---------- Data shown ----------

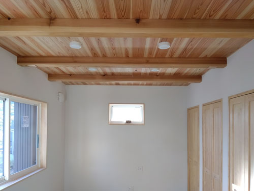 壁紙のエッグパルプの落ち着いた色合いが天井の杉羽目板や無垢材の
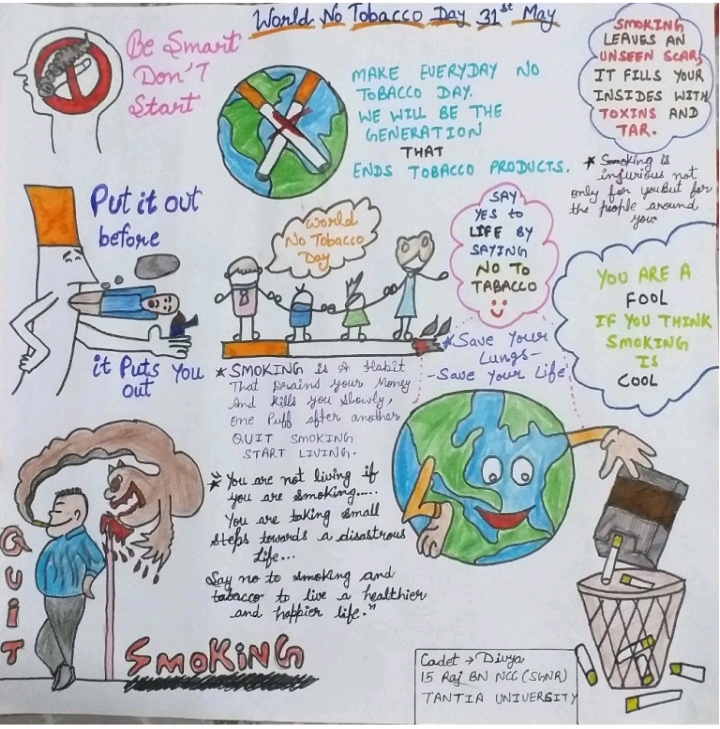 Cadet - Divya 15 Raj BN NCC SGNR ( Tantia university ) Say yes to life by saying no to tobacco Quite smoking
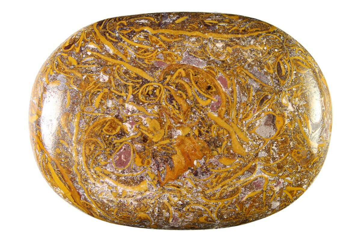 Miriam Jasper is also known by the trade names "Arabic Script Jasper", "Elephant Skin Jasper", "Calligraphy Stone" or "Coquina Jasper". It is a fossiliferous sedimentary rock mined from the Himalayan Mountains in India.
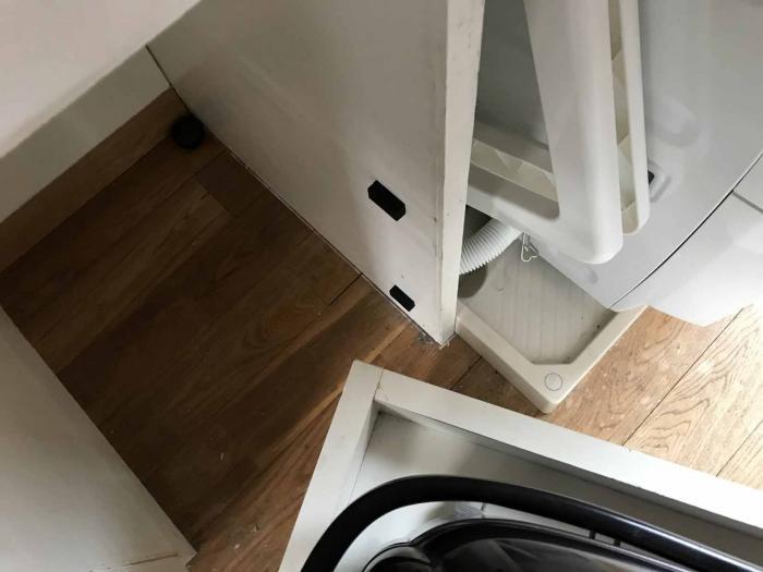 蓋つまみと丁番が出っ張るためワゴン収納側板部につまみ避けガイドの硬質ウレタン材を取付けました。
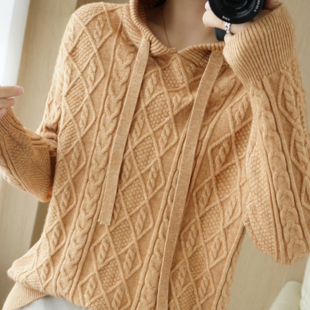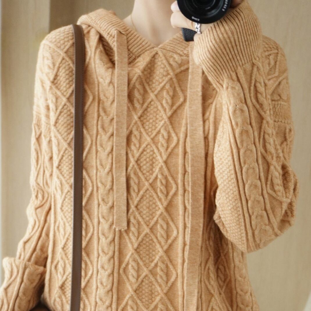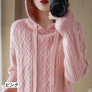 しっかりとした温かさで大人気のフード付きニットパーカーです。
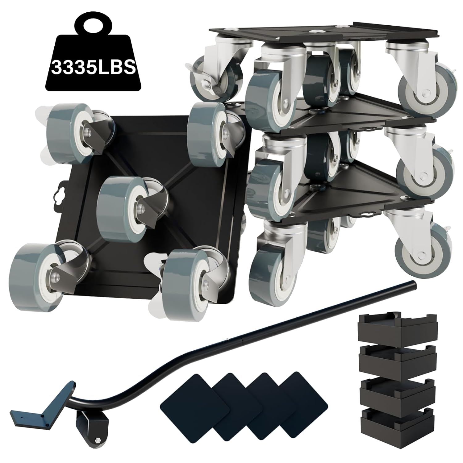 • High Material Furniture Dolly: It is absolutely the first consideration to ensure that the furniture and floor are not damaged. The furniture lifting crowbar is made of durable steel, and has a non-slip design. The surface of the 4 sliding rails is made of thickened carbon steel, which will not damage the furniture. Each slide is inlaid with 5 360° Rotation Wheels universal wheels, a total of 20 universal wheels, flexible and durable, up to 3335 lbs load-bearing, it will not damage the floor.
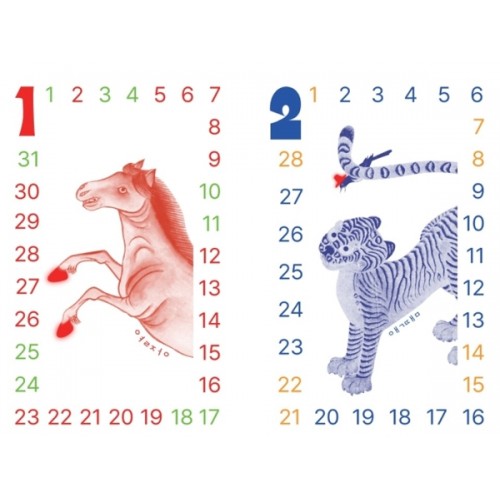 각 달마다 한국 전통 민화 속 상징적 동물, 식물, 사물들을 현대 감성으로 재해석해 디자인하여,
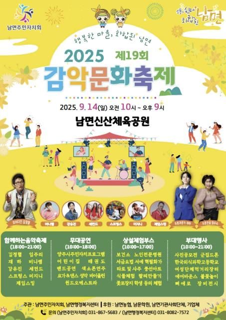 남면 주민자치회가 주관하는 이번 축제는 지역 기관·단체와 주민들이 자발적으로 참여해 고장의 아름다움과 감악산의 매력을 알리기 위해 준비 중이다. 특히 예년보다 더욱 풍성한 볼거리와 즐길 거리를 마련해 방문객들에게 다채로운 즐거움을 선사할 예정이다.
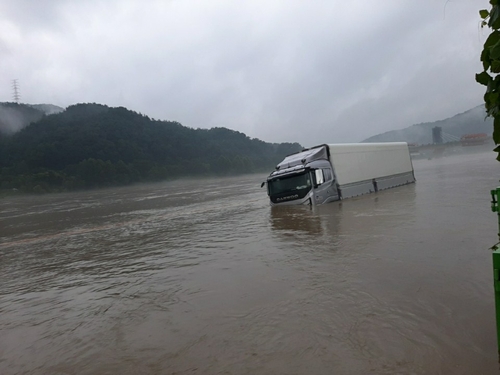 (세종=연합뉴스) 김준범 기자 = 11일 오전 5시 57분께 세종시 부강면 금호리 한 도로를 지나던 화물차가 폭우로 불어난 물에 잠겨 고립됐다.
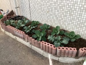 イチゴ畑だった花壇に、キャベツとブロッコリーの苗を植えました!!
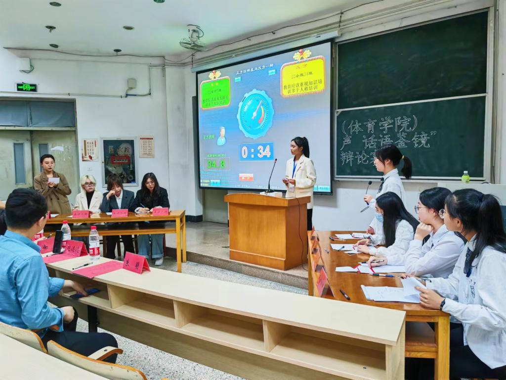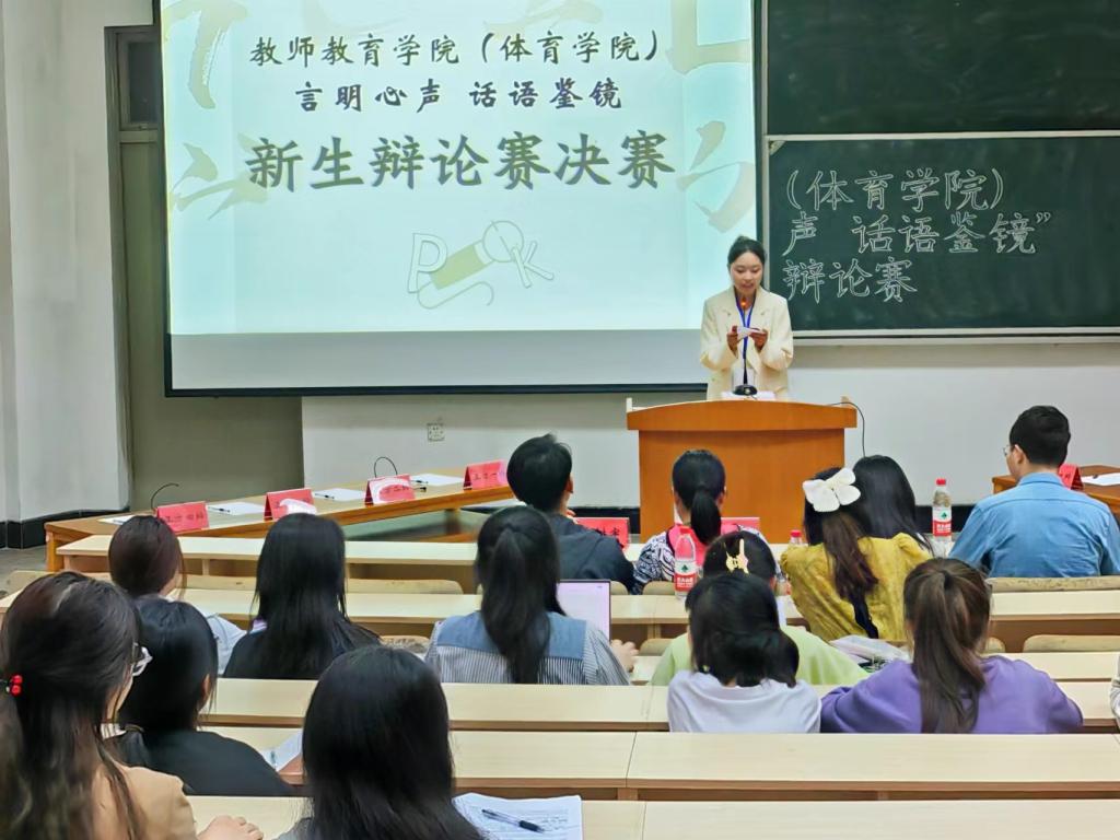 为充分锻炼同学们的语言表达能力,培养团队协作能力和竞争意识,5月12日下午6点30分,教师教育学院(体育学院)于A5阶梯教室举办“言明心声,话语鉴镜”新生辩论赛决赛。本次比赛由辅导员徐薇、赵远远、朱萌、季树宇担任评委,周芝怡同学担任主持人,2022级部分同学作为参赛选手参加本次比赛。
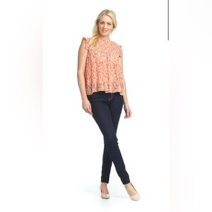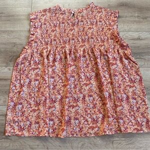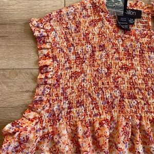 NWT Papillon Blouse Ditsy floral ruffle sleeves smocked chest XXL
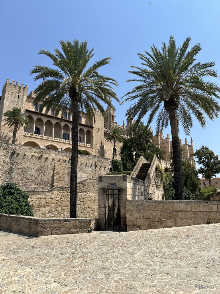 Across the small plaza from the cathedral is Royal Palace of La Almudaina – formerly an Arabian fortress, dating to the 14th century. It is the official residence of the Spanish royal family in Mallorca, and was complete with its own lush garden area.
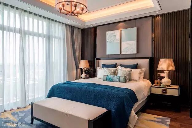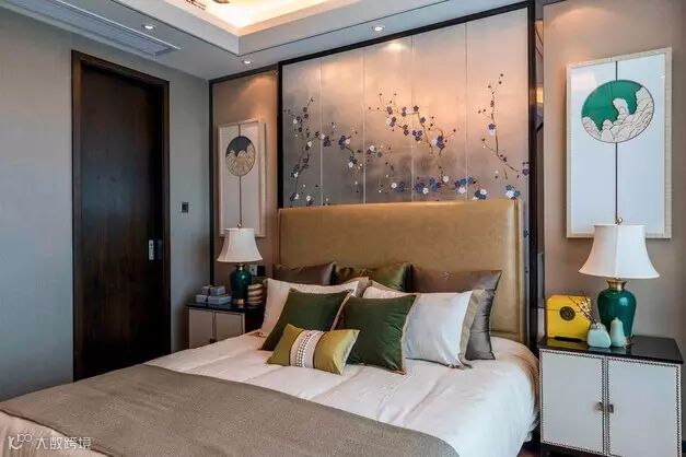 主卧独具特色的梅花屏风背景墙,尽显新中式的古典美。
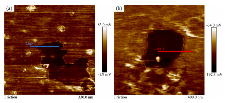 Fig21. (a) rGO 和 (b) PDA-rGO 的橫向力模式下的 AFM 圖像。
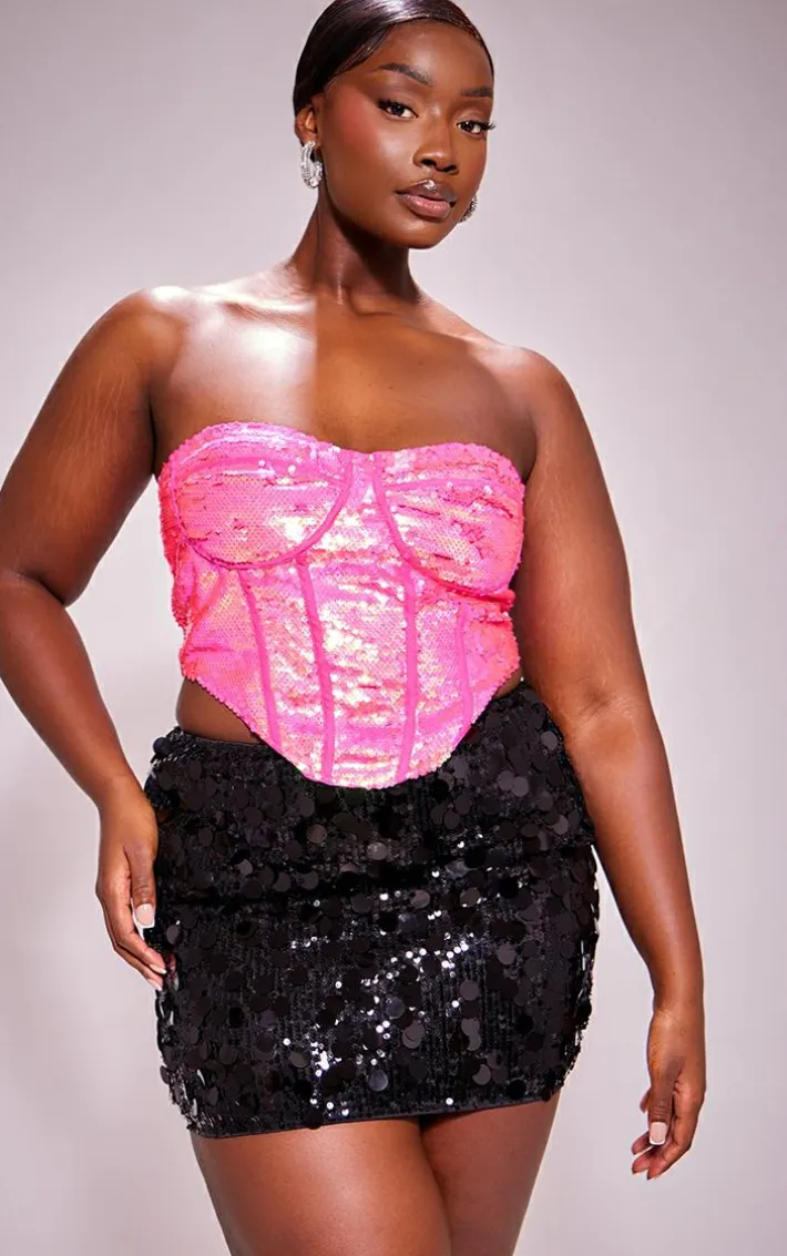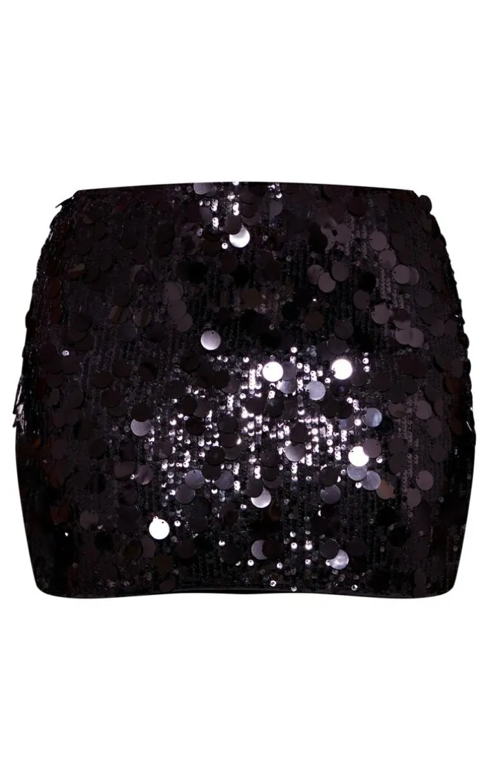 Go for all the glam vibes this season with this plus black coin sequin mini skirt, it is perfect for all your weekend plans. With a black material, coin sequin detailing and a mini length, everyone will be obsessing over this plus skirt. Style with a statement corset top, slip-on heels and a mini bag for a fool proof finish.

----------

**Exercise:**
Only the lines from the one containing "为充分锻炼同学们的语言表达能" through the last line of the entries belong in the answer, given again exactly. Images stay out.

**Answer to this task:**
 为充分锻炼同学们的语言表达能力,培养团队协作能力和竞争意识,5月12日下午6点30分,教师教育学院(体育学院)于A5阶梯教室举办“言明心声,话语鉴镜”新生辩论赛决赛。本次比赛由辅导员徐薇、赵远远、朱萌、季树宇担任评委,周芝怡同学担任主持人,2022级部分同学作为参赛选手参加本次比赛。
 NWT Papillon Blouse Ditsy floral ruffle sleeves smocked chest XXL
 Across the small plaza from the cathedral is Royal Palace of La Almudaina – formerly an Arabian fortress, dating to the 14th century. It is the official residence of the Spanish royal family in Mallorca, and was complete with its own lush garden area.
 主卧独具特色的梅花屏风背景墙,尽显新中式的古典美。
 Fig21. (a) rGO 和 (b) PDA-rGO 的橫向力模式下的 AFM 圖像。
 Go for all the glam vibes this season with this plus black coin sequin mini skirt, it is perfect for all your weekend plans. With a black material, coin sequin detailing and a mini length, everyone will be obsessing over this plus skirt. Style with a statement corset top, slip-on heels and a mini bag for a fool proof finish.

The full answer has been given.